CAIRO - The United Nations said Saturday that it was suspending its observer mission in Syria because of the escalating violence, the most severe blow yet to months of effort by the UN to negotiate a peace plan and prevent Syria’s descent into civil war.
The UN said the monitors would not be withdrawn from Syria, but rather were being locked down in Syria’s most contested cities, unable to conduct patrols.
While the decision to suspend their work was made chiefly to protect the unarmed monitors, the unstated purpose appeared to be to force Russia to intervene and assure that the observers are not the targets of Syrian forces or their sympathizers. Russia has opposed Western intervention and, by some accounts, continues to arm the forces of President Bashar Assad.
For President Obama, the suspension of the observers’ activities - unless it is reversed quickly - could signal the failure of the latest effort by the West to reach a diplomatic solution and ease Assad from power.
But Obama’s choices are no better than they were when the uprising in Syria began nearly a year and a half ago.
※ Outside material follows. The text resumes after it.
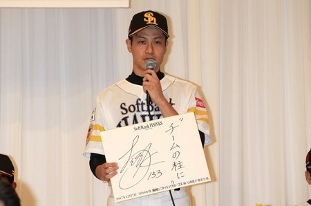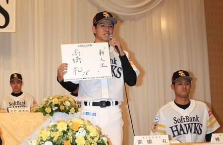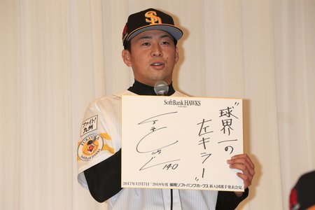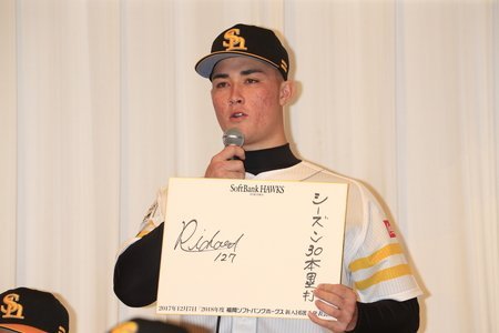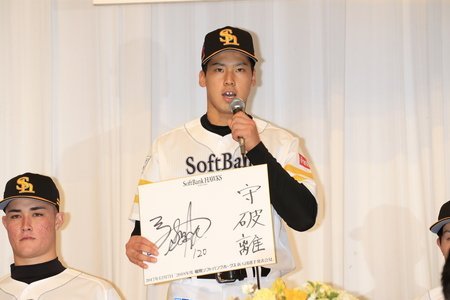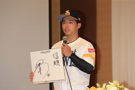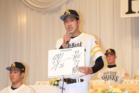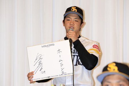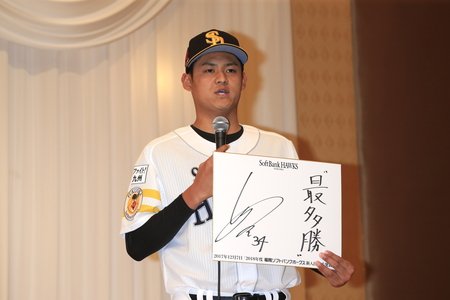最速151キロを誇る将来有望の右腕は「しっかり体を鍛えて1年目から155キロ、そしていつかは160キロを出したい」と夢を語っています。「強いチームでやらせてもらう覚悟も持って臨みたい。ストレートも変化球も自分の投げっぷりの良さを見ていただきたいです。対戦したい打者は、同じパ・リーグに入団した清宮選手(ファイターズ)、安田選手(マリーンズ)。ストレートで三振を取りたいです」と凛々しい表情で話しました。目標は千賀投手。そして背番号26は、かつてダイエー時代に松中信彦選手、南海時代には新人王に輝いた藤田学投手もつけた“出世番号”と言われています。「いい番号を頂いたので、恥じないように頑張りたい」と気持ちを高ぶらせ、将来の目標に「最多勝」を掲げました。

A bombing campaign like the one conducted last year by NATO in Libya with strong US and Arab League support is not feasible in Syria: The battle is being waged in crowded cities, with little chance to attack the Syrian army without the risk of high civilian casualties.
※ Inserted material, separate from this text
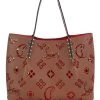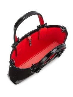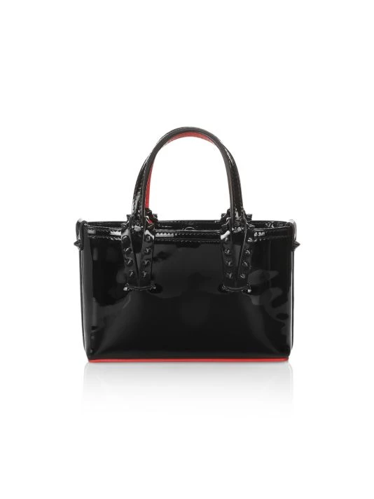 Christian Louboutin’s Cabata tote is crafted of shiny patent leather with tonal spike accents at the handles.

Obama, NATO nations, and the Arab League have never wanted to send in a ground force, which would probably face heavy casualties in what many fear is emerging as a civil war.
The White House issued a statement Saturday again calling on Syria to uphold commitments it has made in recent months, “including the full implementation of a cease-fire.’’ The statement added, “We are consulting with our international partners regarding next steps toward a Syrian-led political transition’’ called for in two UN Security Council resolutions, and “the sooner this transition takes place, the greater the chance of averting a lengthy and bloody civil war.’’
The Syrian uprising, which began 16 months ago, has become one of the most intractable and deadliest conflicts of the Arab Spring, with reports of at least four massacres in recent weeks, including the accounts of killings of as many as 78 civilians, many of them women and children.
The administration is still resisting calls to arm the disparate rebel groups, for fear that they are not an organized force and that the groups could eventually turn on one another. “The problem is that if we do nothing and Syria explodes, we have a broader conflict in the Middle East,’’ a senior US diplomat said early last week, before the UN announcement, adding, “But our options aren’t any better than they were a year ago.’’
The observers had been the foundation of a six-point peace plan that Kofi Annan, the former UN secretary general and the special envoy to Syria, had sought to hammer out with the consent of Assad and his foreign sponsors, including Russia and Iran.